◆ What this task involves ◆
From the first line to the last, copy the listing exactly and omit the pictures.

◆ Data excerpt ◆
= Beginning of Section =

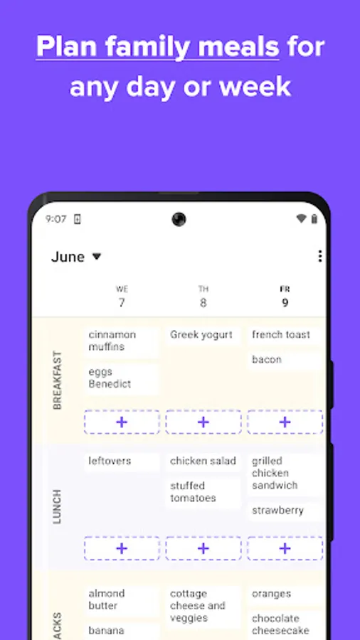 We know getting meals planned is important! You can plan all meals for the week or just a few days of the week. The intuitive user interfaces make it easy to include any details, e.g., cook time, meal time, chef, ingredients, instructions. You can also generate a shopping list from recipes and meals.
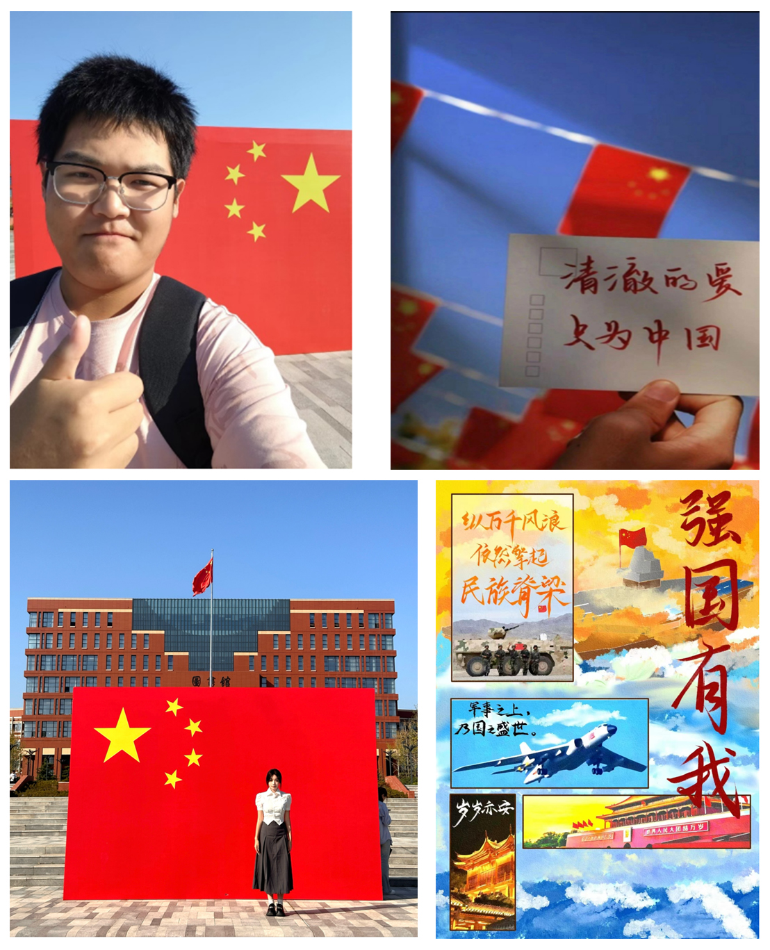 为鼓励学生以更加多元的方式表达对先烈的敬意和对祖国的热爱,学院自9月26日发起了“英雄我想对你说”和“我和国旗合个影”创意表达活动。同学们通过撰写心得感悟、留下与国旗合影照片或海报等形式,向祖国的生日送上自己的祝福。“爱国就要晒出来!表白祖国、与国旗合影,我要让更多的人看到我对祖国的爱,也记录下我在大学与祖国共奋进的瞬间!”力学232班张煜敏开心地说道。
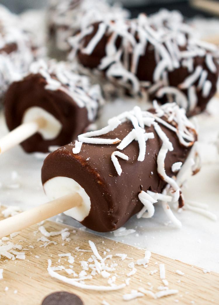 Deliciosas paletas de yogurt y coco con cobertura mágica de chocolate.
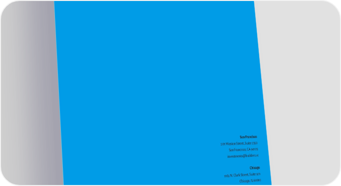 San Francisco 201 Mission Street, Suite 2350 San Francisco, CA 94105 [email protected] Chicago 1165 N. Clark Street, Suite 501 Chicago, IL 60610 [email protected] www.builders.vc

= End of Section =

◆ Task response ◆
 We know getting meals planned is important! You can plan all meals for the week or just a few days of the week. The intuitive user interfaces make it easy to include any details, e.g., cook time, meal time, chef, ingredients, instructions. You can also generate a shopping list from recipes and meals.
 为鼓励学生以更加多元的方式表达对先烈的敬意和对祖国的热爱,学院自9月26日发起了“英雄我想对你说”和“我和国旗合个影”创意表达活动。同学们通过撰写心得感悟、留下与国旗合影照片或海报等形式,向祖国的生日送上自己的祝福。“爱国就要晒出来!表白祖国、与国旗合影,我要让更多的人看到我对祖国的爱,也记录下我在大学与祖国共奋进的瞬间!”力学232班张煜敏开心地说道。
 Deliciosas paletas de yogurt y coco con cobertura mágica de chocolate.
 San Francisco 201 Mission Street, Suite 2350 San Francisco, CA 94105 [email protected] Chicago 1165 N. Clark Street, Suite 501 Chicago, IL 60610 [email protected] www.builders.vc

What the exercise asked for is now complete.